Part of Advances in Neural Information Processing Systems 36 (NeurIPS 2023) Main Conference Track
Gergely Flamich, Stratis Markou, José Miguel Hernández-Lobato
Relative entropy coding (REC) algorithms encode a sample from a target distribution $Q$ using a proposal distribution $P$ using as few bits as possible. Unlike entropy coding, REC does not assume discrete distributions and require quantisation.As such, it can be naturally integrated into communication pipelines such as learnt compression and differentially private federated learning. Unfortunately, despite their practical benefits, REC algorithms have not seen widespread application, due to their prohibitively slow runtimes or restrictive assumptions. In this paper, we make progress towards addressing these issues. We introduce Greedy Rejection Coding (GRC), which generalises the rejection sampling-based algorithm of Harsha et al. (2007) to arbitrary probability spaces and partitioning schemes.

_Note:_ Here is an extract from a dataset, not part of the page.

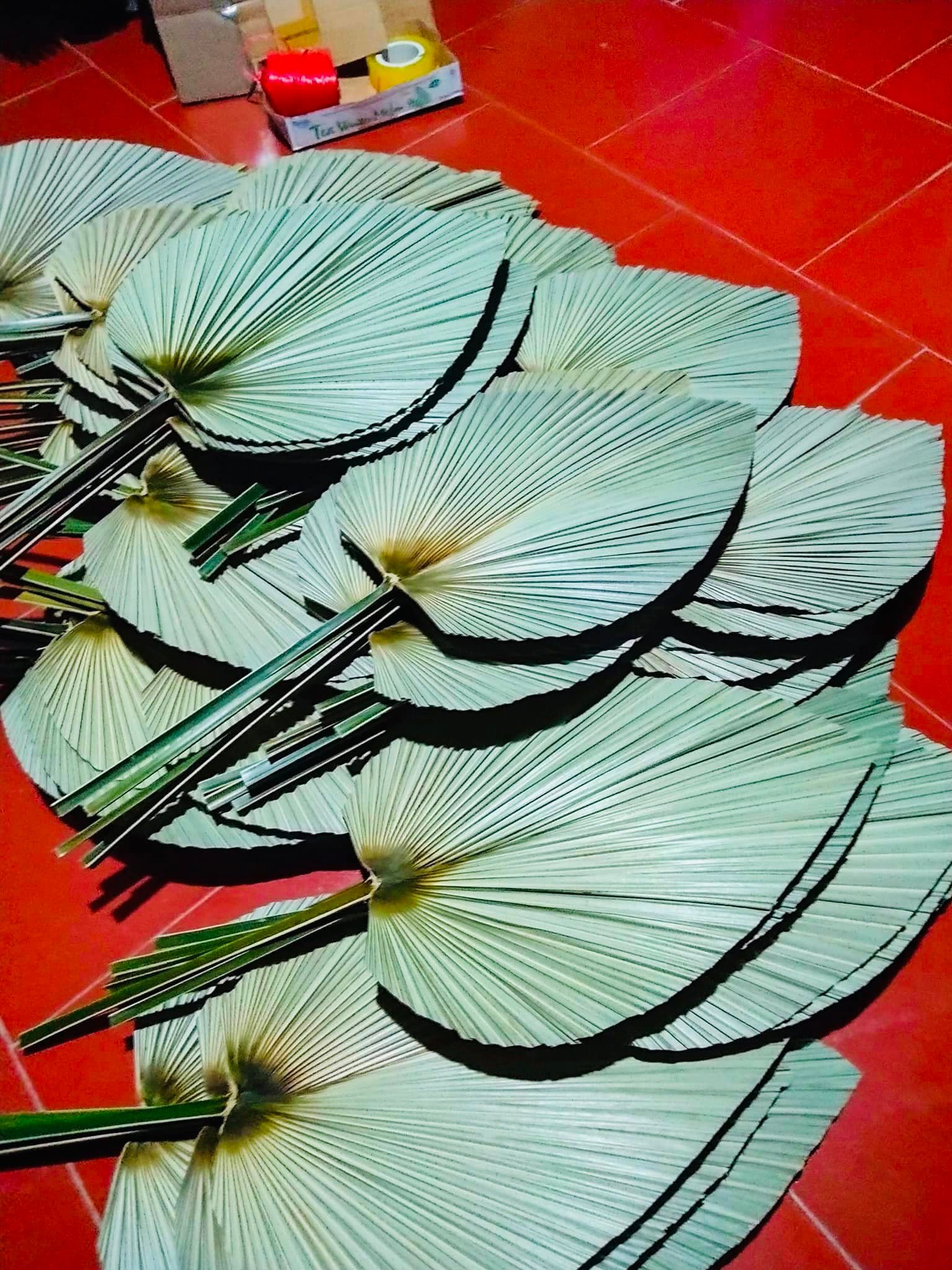 Kích thước lá cọ: Tàu lá : Dài 40 cm tới 50cm bản lá :Rộng (20-25) x Dài (25-35)

We first show that GRC terminates almost surely and returns unbiased samples from $Q$, and then focus on two variants of GRC, namely GRCS and GRCD. We show that for continuous $Q$ and $P$ over $\mathbb{R}$ with unimodal $dQ/dP$, the expected runtime of GRCS is upper bounded by $\beta D_{KL}(Q||P) + \mathcal{O}(1)$ where $\beta \approx 4.82$, and its expected codelength is optimal. This makes GRCS the first REC algorithm with guaranteed optimal runtime for this class of distributions, up to the multiplicative constant $\beta$. This significantly improves upon the previous state-of-the-art method, A* coding (Flamich et al., 2022). Under the same assumptions, we experimentally observe and conjecture that the expected runtime and codelength of GRCD are upper bounded by $D_{KL}(Q||P) + \mathcal{O}(1)$. Finally, we evaluate GRC in a compression pipeline with variational autoencoders on MNIST, and show that a modified training objective and a codelength-compression method can further improve compression efficiency.